Young African men who are circumcised are less likely to engage in sexual behavior that ups their chances of catching HIV, a new research by University of Illinois researchers has revealed!
Led by Nelli Westercamp, PhD., and with a grant from the Bill & Melinda Gates Foundation, the team of researchers studied voluntary medical male circumcision in Kenya between 2008 and 2010. Within the two-year window, half of the 3,186 men, ages 18-35, studied got circumcised.
All of the men were asked every six months about their sexual behaviors, whether or not they used condoms and how at-risk they thought they were for getting HIV. They were also encouraged to attend HIV testing clinics and watch educational HIV videos.
While circumcised and uncircumcised men both increased their sexual activity by the same amount during the study period, condom use increased among both groups, but engagement in risky sex behaviors did not. Those behaviors include having multiple partners and exchanging money or gifts for sex.
The researchers also found that circumcised men thought they were at a lower risk for getting HIV than they were before they were circumcised.
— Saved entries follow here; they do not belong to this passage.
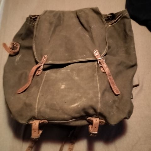 Tilava ja hyväkuntoinen satulareppu. Mahdollisesti puolustuvoimien malli.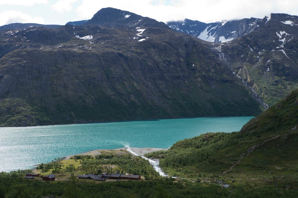 Auf dem Weg zum Besseggengrat. Die Siedlung Memurubu wird per Boot angesteuert und die Tour führt über den Bergkamm wieder zum Ausgangspunkt zurück.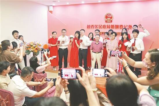 因“520”谐音“我爱你”,不少市民选择在5月20日办理结婚登记。记者从广东省民政厅获悉,5月20日广东迎来婚姻登记小高峰,全省多地婚姻登记部门为爱加班,共办理结婚登记12450对,其中办理“跨省通办”结婚登记1813对。 详见A4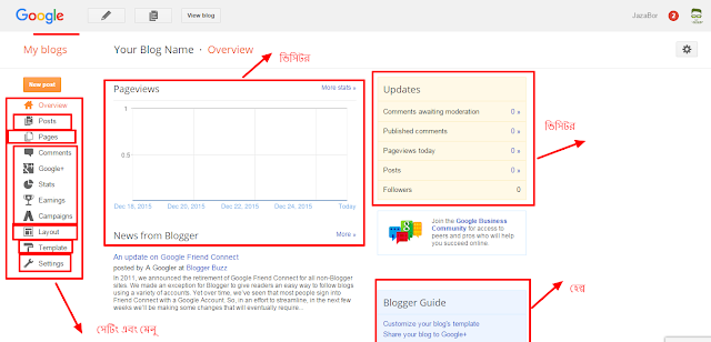 আপনার ব্লগ এর ডেশবরড টা হবে নিচের ছবির মতন...। এই ডেসবরড থেকে ই আপনার ব্লগ এর সকল কাজ করতে পারবেন...। কিছু করার নাই করতে হবে :p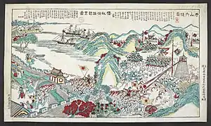 On 1 June 1894, rumors reached the Donghaks that the Chinese and Japanese were on the verge of sending troops, and so the rebels agreed to a ceasefire with the Joseon government to remove any grounds for foreign intervention.[1] On 2 June, the Japanese cabinet decided to send troops to Korea if China did the same. In May, the Chinese took steps to prepare for the mobilization of their forces in the provinces of Zhili, Shandong, and Manchuria.[2] However, those actions were planned more as an armed demonstration to strengthen the Chinese position in Korea than as preparation for war against Japan.[2] On 3 June, King Gojong, on the recommendation of the Min clan and at the insistence of Yuan Shikai, requested aid from the Chinese government in suppressing the Donghak Rebellion. Although the rebellion was not as serious as it had initially seemed and so the Chinese forces were not necessary, the Qing government decided to send 2,500 men under the command of General Ye Zhichao to the harbor of Asan, about 70 km (43 mi) from Seoul. The troops destined for Korea sailed onboard three British-owned steamers chartered by the Chinese government, arriving at Asan on 9 June. On 25 June, an additional 400 troops had arrived. Consequently, Ye Zhichao had about 2,800-2,900 soldiers under his command at Asan by the end of June. [2][3]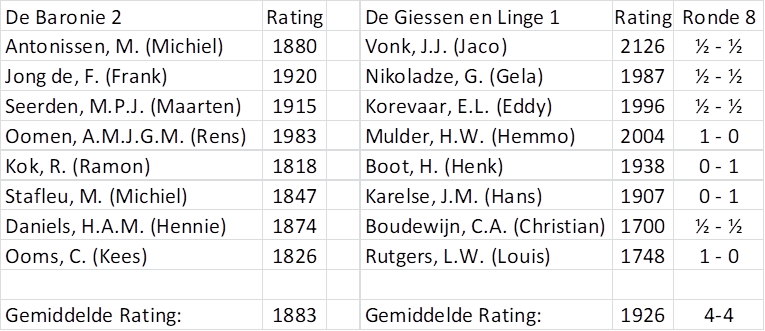 De Baronie 2 heeft een mooi resultaat gehaald tegen het sterke De Giessen en Linge 1. Op de eerste 6 borden hadden onze spelers een sterkere tegenstander. Alleen op bord 7 en 8 waren wij sterker.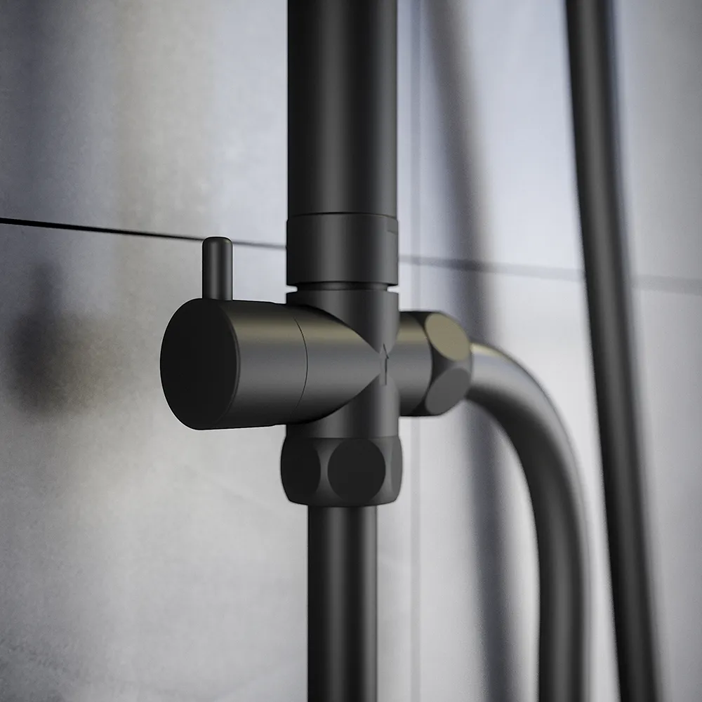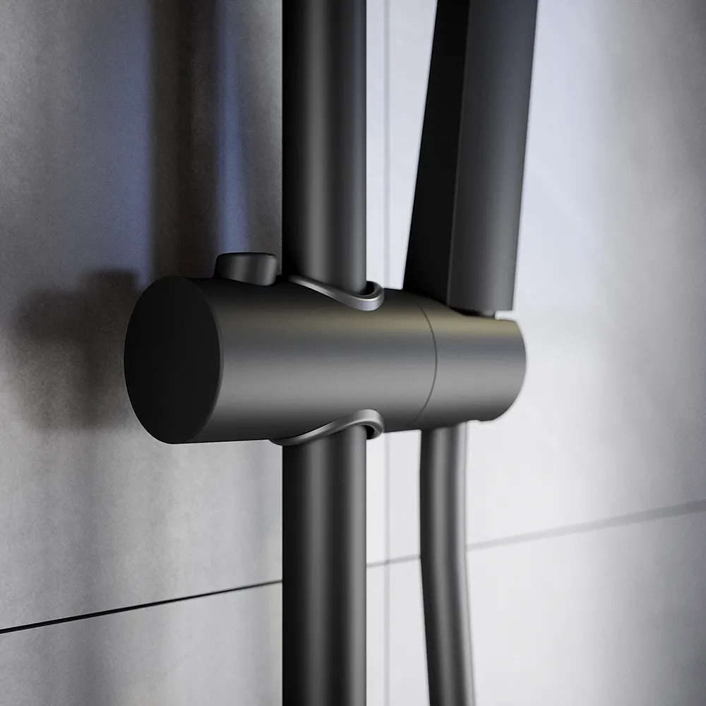 Con un elegante finitura nera opaca perfetta per qualsiasi stile di arredo bagno, questo sistema doccia a due vie comprende un soffione quadrato in ABS della misura di 20x20cm ed un comodo doccino in ABS nero opaco monofunzione per la massima libertà di azione all'interno del tuo spazio doccia.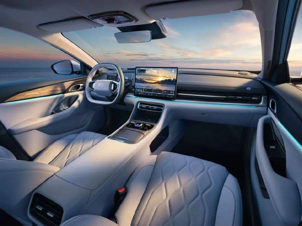 內(nèi)飾設(shè)計突出簡約風(fēng)格,整體用較為平直且簡潔的線條來勾勒,同時搭配懸浮式中控大屏和三輻式多功能方向盤。該車在手枕處設(shè)有雙手機(jī)位的置物槽,集成了手機(jī)無線充電功能。此外,內(nèi)飾大量采用軟皮材質(zhì)包裹,中央扶手下方還設(shè)有一個較大的儲物空間,疑似配備車載香氛并提供三種香味供選擇。
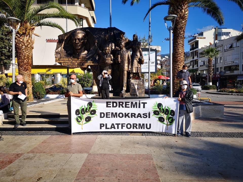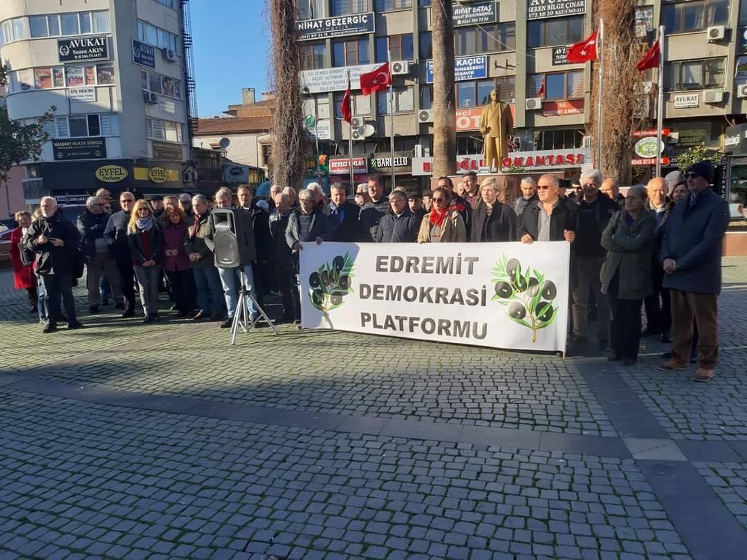 Edremit Demokrasi Platformu gittikçe artan baskı politikalarına ilişkin yazılı açıklama yaptı. Açıklamada, “Barolara, Odalara, Tabipler Birliğine, muhalif siyasi partilere, gazetecilere, demokratik kitle örgütlerine, inanç örgütlerine yönelik baskı, sindirme, gözaltı, tutuklama saldırılarına her geçen gün bir yenisi eklendiği belirtildi.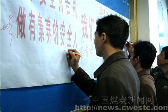 这天上午,临涣煤电有限责任公司综掘区和掘进二区协安分会的领导也兴致勃勃来到会议室,他们把“与不安全行为告别,做有素养的安全人”活动的目的和意义,向职工们进行了认真的说明,同时围绕不安全行为给安全生产及职工家庭带来的危害进行了深入的阐述,希望职工从自身安全生产出发,积极发现自身在安全生产中存在的各种不安全行为,找出原因,进行整改,同时坚决制止工友的冒险蛮干行为,营造良好的安全工作环境。与会职工纷纷响应并郑重在条幅上签下自己的姓名,决心从自身做起,做有素养的安全人,为奋战二季度贡献力量。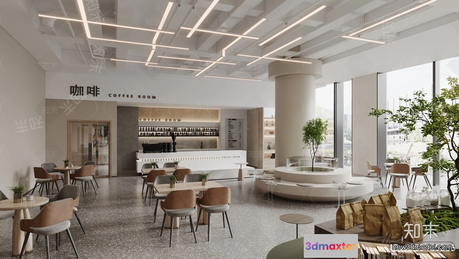 3D Models / 3D Scenes / Interior / Commercial Spaces / Modern Style Interior 3D Blocks and 3D Models – Coffee Shop 3D Scene – 865 3D Max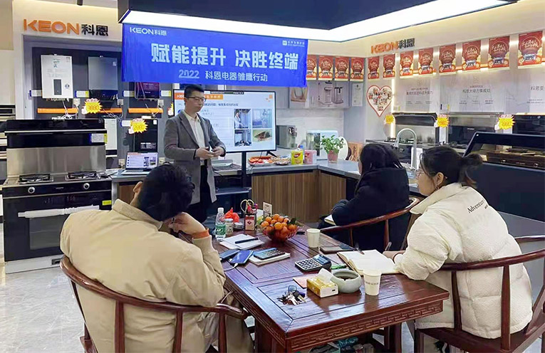 為了能更好地服務于客戶,2022年科恩集成灶雛鷹行動正式開展,雛鷹行動旨在深入一線賦能門店,以成熟的體系化方法論和實踐操作相結合的模式,手把手幫扶科恩全國門店,與終端進行零距離接觸,為經(jīng)銷商進行專業(yè)的導購、銷售、活動、實操技能指導,全面助力提升科恩集成灶在當?shù)氐氖袌龈偁幜Γ?

Before they got snipped, 30% of circumcised men thought they were at a high risk for HIV, but after, only 14% thought so. For uncircumcised men, 25% believed they were at high risk of HIV before the study, while 21% believed they were still at high risk when the study ended.
The numbers suggest that the benefits of offering circumcision outweigh the risks of doing so. Hence trying to encourage communities that have been holding back on implementing medical circumcision. The research appears in the July 21 edition of AIDS and Behavior.